253% increase in Online Banking Malware Infections in India in Q3 as compared to Q2: Trend Micro
New Delhi, India, December 17, 2013: The online banking malware volume surged this quarter. They spread across the globe and no longer concentrated on certain regions like Europe and the Americas. Trend Micro continued to see this trend, with infection counts going beyond the 200,000 mark, the highest infection number since 2002.
Dhanya Thakkar, Managing Director, India & SAARC, Trend Micro said, “Threat actors are pouncing on users’ banking transactions, with the likes of FAKEBANK and FAKETOKEN malware threatening users. As with other app types, users may encounter Trojanized or fake apps disguised as legitimate banking apps. Cybercriminals will use different tricks to mimic legitimate apps. They can use the same images and icons or closely imitate the publisher’s name.”
A large portion of online banking malware infections were due to ZeuS/ZBOT Trojans. ZeuS/ZBOT variants were, in fact, the most distributed malware by spam this quarter. New ZBOT variants emerged, specifically KINS malware, which came armed with anti-debugging and anti-analysis routines.

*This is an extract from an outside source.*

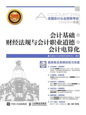 《全国会计从业资格考试三科连考一本通??会计基础+财经法规与会计职业道德+会计电算化》是以财政部新版《会计从业资格考试大纲》为依据,在多年研究该考试命题特点及解题方法的基础上编写而成的。《全国会计从业资格考试三科连考一本通??会计基础+财经法规与会计职业道德+会计电算化》特设“考纲分析与应试策略”,对新版考试大纲做了深入的解读与分析,并总结、提炼了考试重点,同时提供全面的复习、应试策略。为方便考生学习,本书按3个考试科目分3部分进行讲解。其中,第一部分为“会计基础”,分章讲解了会计基础知识、会计要素与会计等式、会计科目与账户、会计记账方法、借贷记账法下主要经济业务的账务处理、会计凭证、会计账簿、账务处理程序、财产清查以及财务报表;同时,专设一章讲解跨章节的计算分析题。第二部分为“财经法规与会计职业道德”,分章讲解了会计法律制度、结算法律制度、税收法律制度、财政法规制度和会计职业道德;同时,专设一章讲解跨章节的案例分析题。第三部分为“会计电算化”,分别讲解了会计电算化基础知识、会计软件的运行环境、会计软件的应用和电子表格软件在会计中的应用等内容。每一部分的考点讲解均从考点分析、考点精讲与典型例题展开,并提供相应的真题演练。 《全国会计从业资格考试三科连考一本通??会计基础+财经法规与会计职业道德+会计电算化》配套的题库版模拟练习光盘提供“考试指南”“考试大纲”“章节练习”“题型精练”“模拟考场”“PPT课件”和“错题重做”等内容。其中,“模拟考场”提供无纸化模拟考试系统,并具有三科连考的功能,其“会计电算化”科目中的“实务操作题”采用的是财政部实务操作题环境,可供全国各地参加无纸化考试的考生进行实战演练。本书既适合全国各地报考会计从业资格考试科目的考生使用,也可作为大中专院校会计专业的教学辅导书或相关培训班教材。
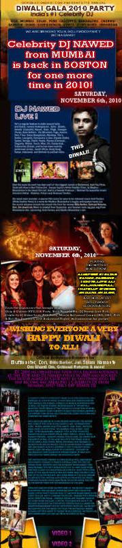 On Nov 6th, on the occasion of Diwali!  We are also celebrating the Badshah of Shahrukh Khan's Birthday with his Favorite DJ.  Celebrity DJ Nawed is coming all the way from Mumbai to rock Boston for One Night Only as part of his Diwali 2010 U.S.A tour!  Deejay \ Producer, Nawed has done the official remixes for such films as: Jail, Don, Golmaal Returns, Om Shanti Om, Bluff master, Salaam Namaste, Billu Barber & more!  We are also celebrating Shaharukh Khans Birthday as well!  This is Shahrukh Khan's favorite DJ people!!  Over 300+ people expected!  One of our Biggest Desi Party of the years!!

Citadel variants, meanwhile, continued to plague Japan, particularly targeting financial institutions and varied Webmail services like Yahoo! Japan and Gmail, among others.
The FAKETOKEN malware meanwhile mimics the token generator app of a financial institution. Users who wind up with this malicious app end up giving out their password to avoid receiving an error message. Once users enter their password, the malware generates a fake token and sends the stolen information to a specific number.
“Once installed, it uses the Google Play icon to stay low-key,” suggests Dhanya Thakkar. “During installation, it replaces parts of legitimate banking app files with malicious code, but it does not modify their icons and user interface. Once users access these apps, they unwittingly give out their account information. Aside from this, FAKEBANK also steals call logs and received text messages.”
And despite the focus on the escalating state of mobile malware, it’s worth remembering that threats can be simpler than users think. “Losing a phone by accident or via theft can have dire consequences, especially if it isn’t secured with a PIN or pattern and its owner leaves his online banking account open in it,” Thakkar added.